» **YOUR GOAL**:
Transcribe the listing below exactly, leaving out each image.

» **DATASET EXCERPT**:
========================================
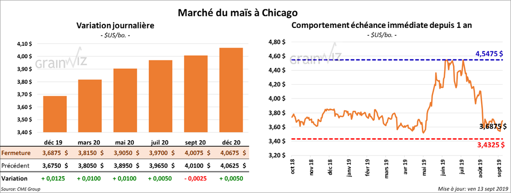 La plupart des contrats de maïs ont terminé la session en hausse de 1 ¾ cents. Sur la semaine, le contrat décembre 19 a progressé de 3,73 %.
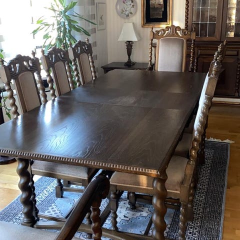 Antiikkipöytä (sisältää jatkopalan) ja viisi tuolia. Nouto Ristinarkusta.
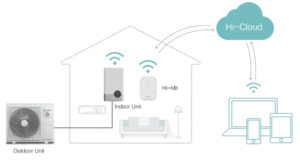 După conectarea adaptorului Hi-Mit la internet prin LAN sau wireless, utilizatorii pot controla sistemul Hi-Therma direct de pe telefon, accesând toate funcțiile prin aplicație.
========================================
» **ANSWER TO THE PROBLEM**:
 La plupart des contrats de maïs ont terminé la session en hausse de 1 ¾ cents. Sur la semaine, le contrat décembre 19 a progressé de 3,73 %.
 Antiikkipöytä (sisältää jatkopalan) ja viisi tuolia. Nouto Ristinarkusta.
 După conectarea adaptorului Hi-Mit la internet prin LAN sau wireless, utilizatorii pot controla sistemul Hi-Therma direct de pe telefon, accesând toate funcțiile prin aplicație.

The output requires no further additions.